SSIS Lookup with Lookup Component Vs Script Component
I need to load Dimensions from EDW Tables (which does maintain historical records) and is of type Key-Value-Parameter.
My scenario is ok if got a record in EDW as below
Key1 Key2 Code Value EffectiveDate EndDate CurrentFlag
100 555 01 AAA 2010-01-01 11.00.00开发者_如何学Python 9999-12-31 Y
100 555 02 BBB 2010-01-01 11.00.00 9999-12-31 Y
This need to be loaded into DM by pivoting it as
key1 and key2 combinations makes Natural key for DM
SK NK 01 02 EffectiveDate EndDate CurrentFlag
1 100-555 AAA BBB 2010-01-01 11.00.00 9999-12-31 Y
My ssis package does this all good pivoting... looking up the incoming NK in DIM.. if new will insert .. else with further lookup with effective date and determine if the incoming for same natural key got any new (change) in attribute.. if so updates the current record byy setting its end date and insert the new one with new attribute value and pulling the recent records values for other attributes.
My problem is if the same natural key comes twice with same attribute in single extract my first lookup which on natural key .. will let both records pass and try to insert.. where its fails. If i get distinct records on NK the second is not picked and need to run package again.
So my question how can i configure lookup or alernative way to handle this scenario when same NK comes twice in single extract, would be able to insert first record if not exists in Dim table and for second one should be able to updated with the changes with reference to one inserted above.
Not sure this makes sense what am trying to explain. Will attached the screenshot once back to work desk (on monday).
Thanks
Lookup is not good for this - with caching and everything, it's just not able to lookup on it's previously set values.
You might be better off passing it to a SQL Command task and having a stored proc do an insert or expire/insert depending on what it finds.
You could also stream them to a table and do it in a batch.
To address your flow and the model it's trying to populate:
To start with, it's always awkward when the order of rows in the input causes behavioral differences - i.e.
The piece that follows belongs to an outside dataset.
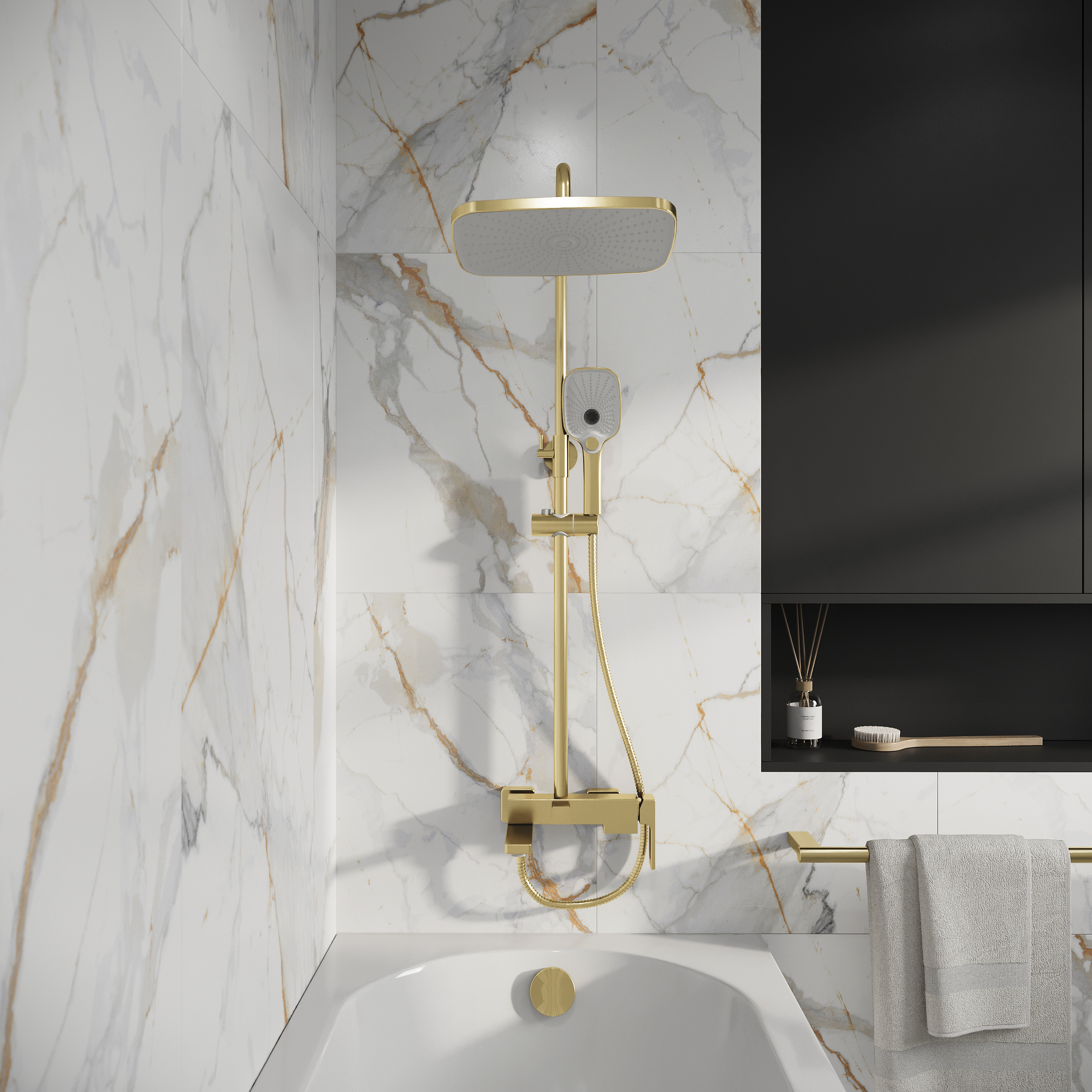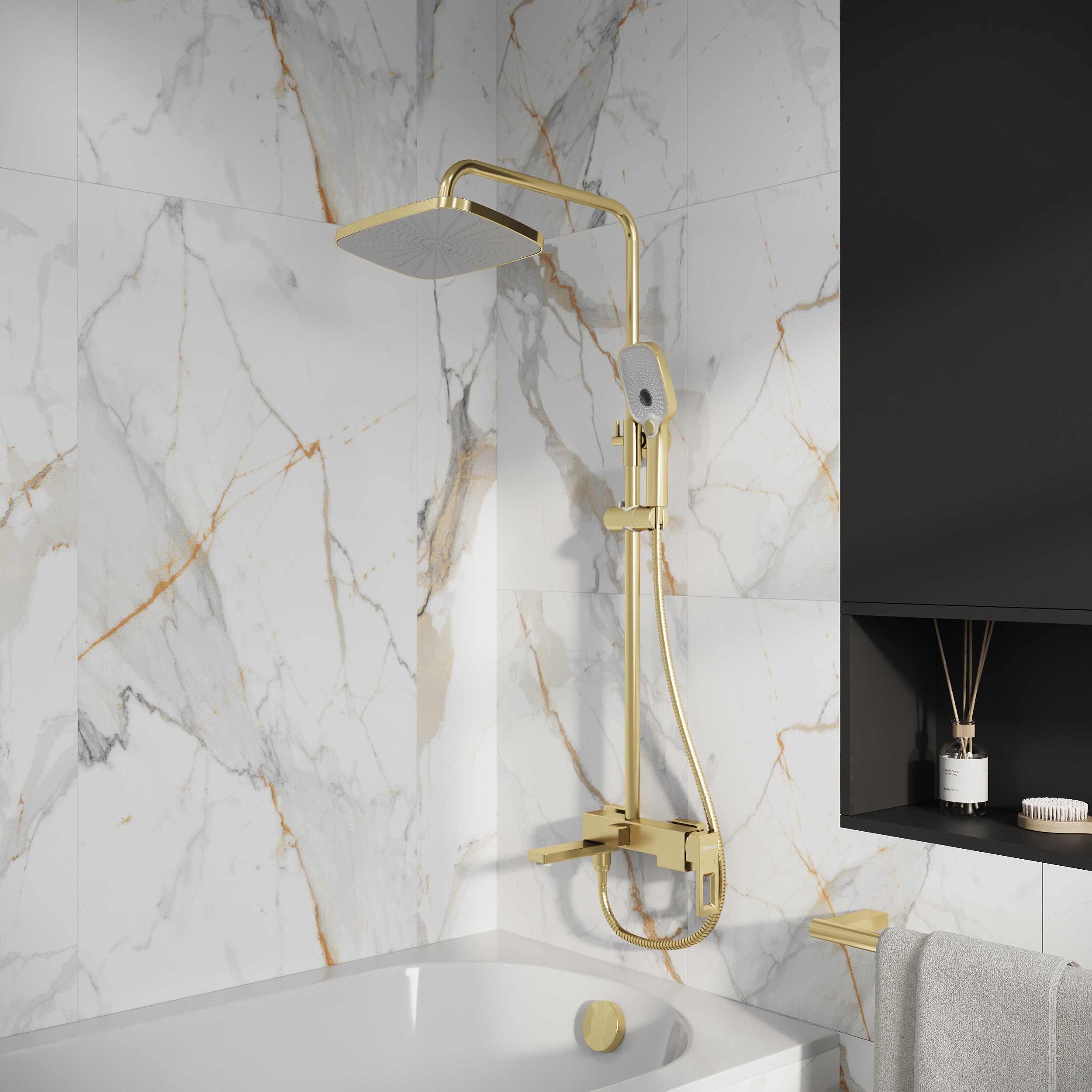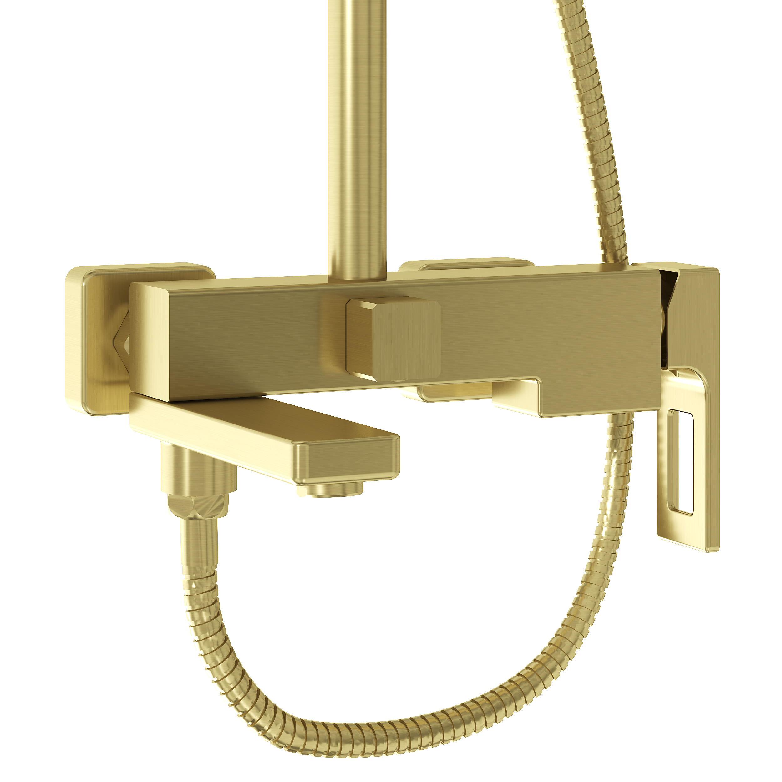 - Телескопическая душевая стойка позволяет изменять высоту до 165 см, что делает использование комфортным для людей разного роста

NK = A, Val = 1 then NK = A, Val = 2 gives different behavior than NK = A, Val = 2 then NK = A, Val = 1. One has to wonder if this is the correct dimensional design. Remember that all dimensional attributes are assigned to dimensional tables based on a pragmatic choice. Ultimately dimensions can be arranged into tables at will - so a different design might make more sense. If things are changing within a single load, that may indicate you need to break up that load to match the grain (not attempting to load 2 days data at one time).
I notice that there is an Effective Date and an End Date in your dimension. Right now this sounds a lot like a property of the dimension behavior (where your 01 and 02 codes are changing on a NK) and not of the facts that this dimension is going to be attached to. This might indicate that it needs to be tracked in a separate factless fact table, say (SK, EffectiveDate, EndDate) - or that it's just not important, because all you care about is a NK, 01, 02 combination attached to a fact, in which case, your natural key is really all of NK, 01, 02.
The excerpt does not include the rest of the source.